Well actually there's some controversy as to whether RVU is really the smartest or even fairest way to go on matters as the various RVU client manufacturers are still at the mercy of the programming providers like DirecTV who will still maintain control over the presentation and interactivity of the UI.

This is why as an alternative in the other direction the FCC may mandate a system called the "AllVid" Gateway through which all MSOs of both satellite and cable must provide as an option standard IP streams over the home network to clients built by individual manufacturers who may then design their own display UIs to present them and schemes to interact with them.

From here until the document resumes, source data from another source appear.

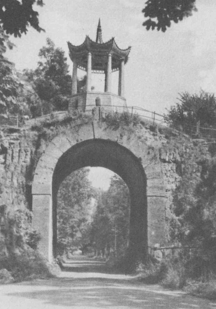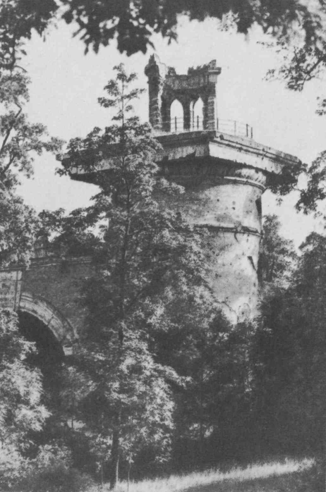 От башни перекинута мощная каменная арка, продолжением которой служит искусственная земляная насыпь, засаженная деревьями.
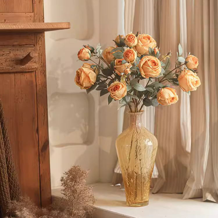 Faux Silk Artificial Flower - Handmade Silk Flower Stem FLOWER Rose DIMENSIONS AND NUMBER OF BLOOMS 25.2" Tall; Three flower blooms and two flower bud per stem MATERIAL Silk Cloth, plastic COLOR Goldend Yellow or pink
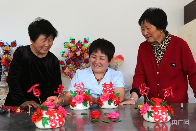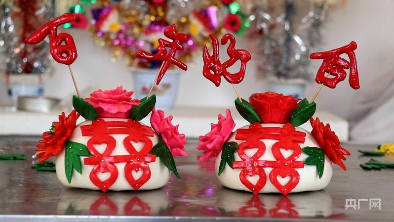 西峰區(qū)新橋村村民觀賞朱亞玲做的喜饃(央廣網發(fā) 盤小美 攝)
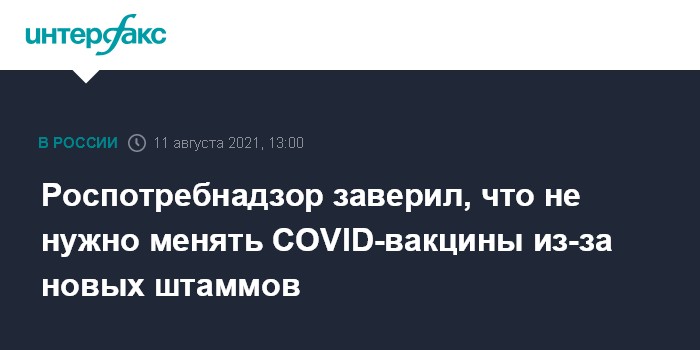 Москва. 11 августа. INTERFAX.RU - Существующие вакцины от коронавируса эффективны против мутаций вируса, необходимости менять их состав в настоящий момент нет, заявила заместитель директора по клинико-аналитической работе ЦНИИ эпидемиологии Роспотребнадзора Наталья Пшеничная.
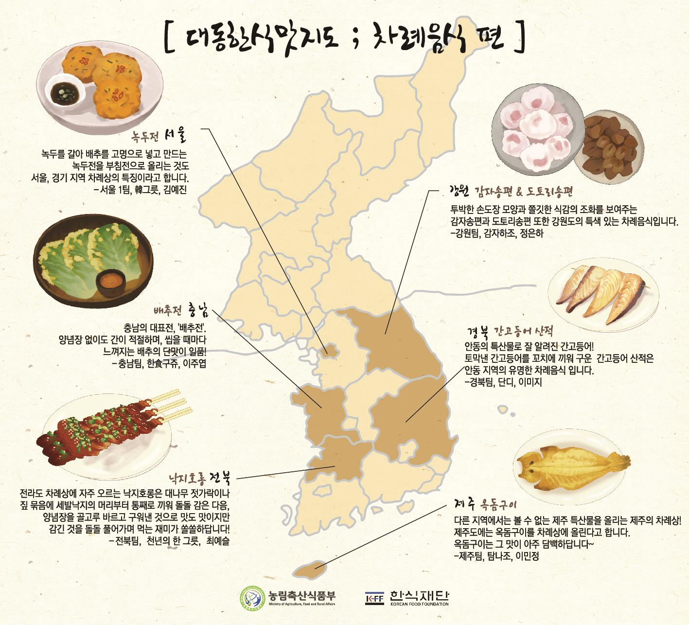 서울의 녹두전, 강원 감자송편, 충남 배추전, 전북 낙지호롱, 경북 간 고등어 산적, 제주 옥돔구이 등이 있는데 역시나 다른 지역에서 맛볼 수 없는 특별한 음식들입니다.
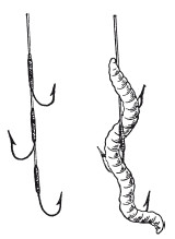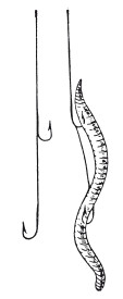 Рис. 99. Червь, насаженный на снасточку в 2 крючка
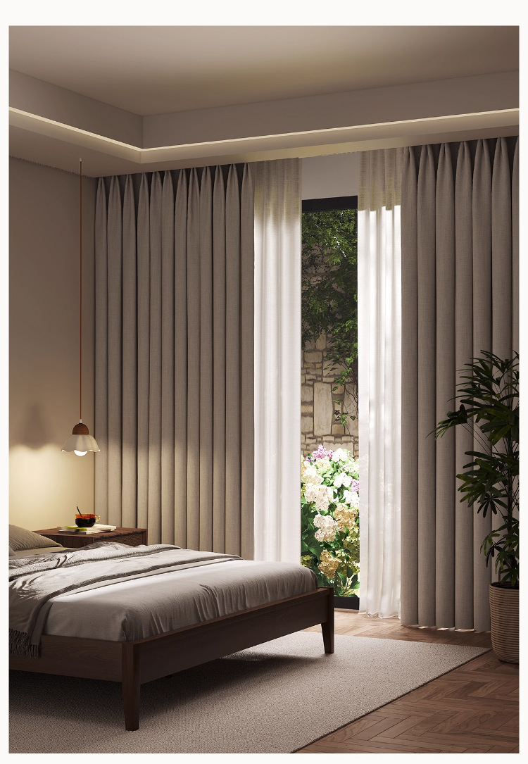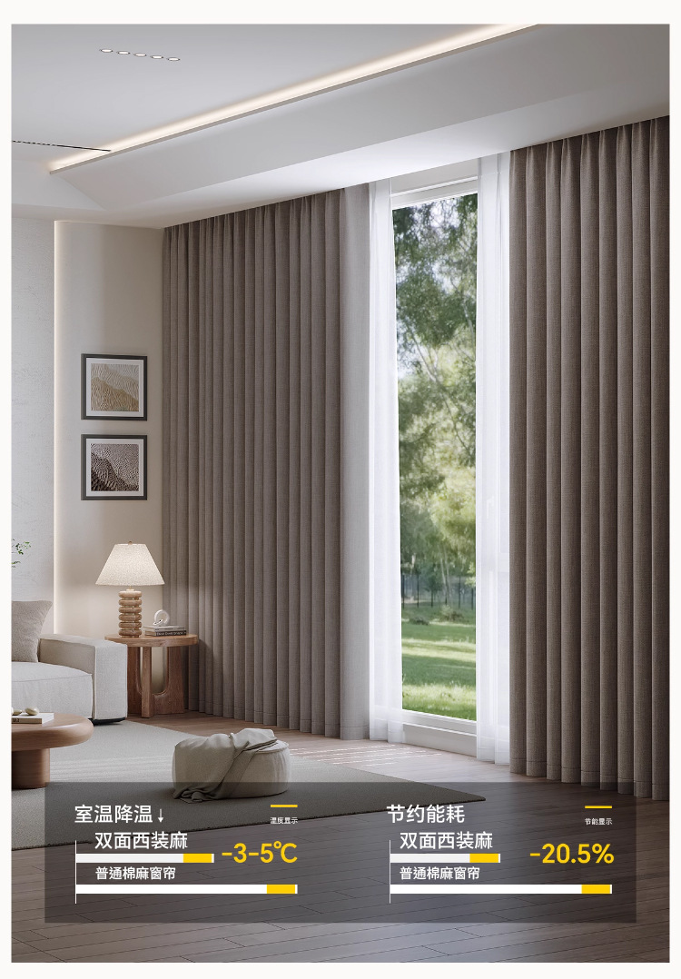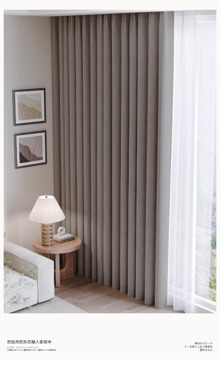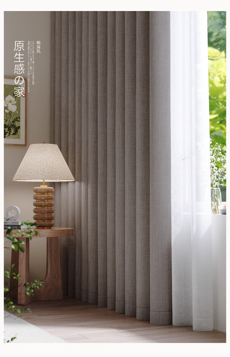 Cortina de algodón y lino de doble color, cortina de sombra completa, cortina de sombra de gancho sin perforación, sala de estar, dormitorio, cortina de sombra de sol de alta calidad, producto terminado
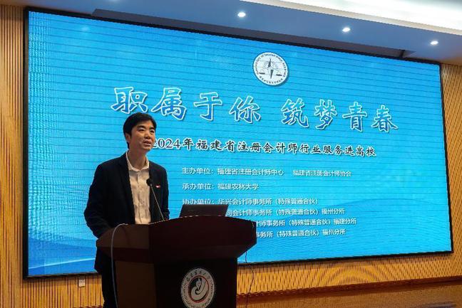 3月20日下午,我校在常盛报告厅与福建省财政厅注册会计师中心举行“职属于你,筑梦青春”福建省注册会计师行业服务进高校活动。福建省财政厅注册会计师中心主任林林一行,我校副校长林庆藩出席活动。

http://www.dbstalk.com/showthread.php?t=176115&highlight=rvu


----------



## bleggett29 (Feb 2, 2008)

Not RVU related but DirecTV2PC related:

It is possible to customize the GUI of DirecTV2PC. The most simple is to change the background pic. The most difficult would be to change the font size of the displayed text. I had several screen caps of various modifications but the only one I can find is a simple background change from 2 years ago.
Other mods I've done were to increase the number of shows displayed in the playlist, move around the title, date, etc.. My favorite was upgrading the channel logos. Mostly upgrading the local channels to actual local logos.


----------



## swspjcd (May 22, 2007)

Sorry to revive and old topic, but I just wondered if anyone had heard of windows RVU software to access the HR34 remotely including live TV access. From what I've read, RVU is just another piece of DLNA which makes me think it's possible. Maybe, DTV can add it in the next Directv2PC version so I don't have to buy yet another TV, or even make a paid piece of software with RVU capabilities. I'm sure others would love to see a software solution.


----------



## Rtm (Oct 18, 2011)

swspjcd said:


> Sorry to revive and old topic, but I just wondered if anyone had heard of windows RVU software to access the HR34 remotely including live TV access. From what I've read, RVU is just another piece of DLNA which makes me think it's possible. Maybe, DTV can add it in the next Directv2PC version so I don't have to buy yet another TV, or even make a paid piece of software with RVU capabilities. I'm sure others would love to see a software solution.


*NO!*


----------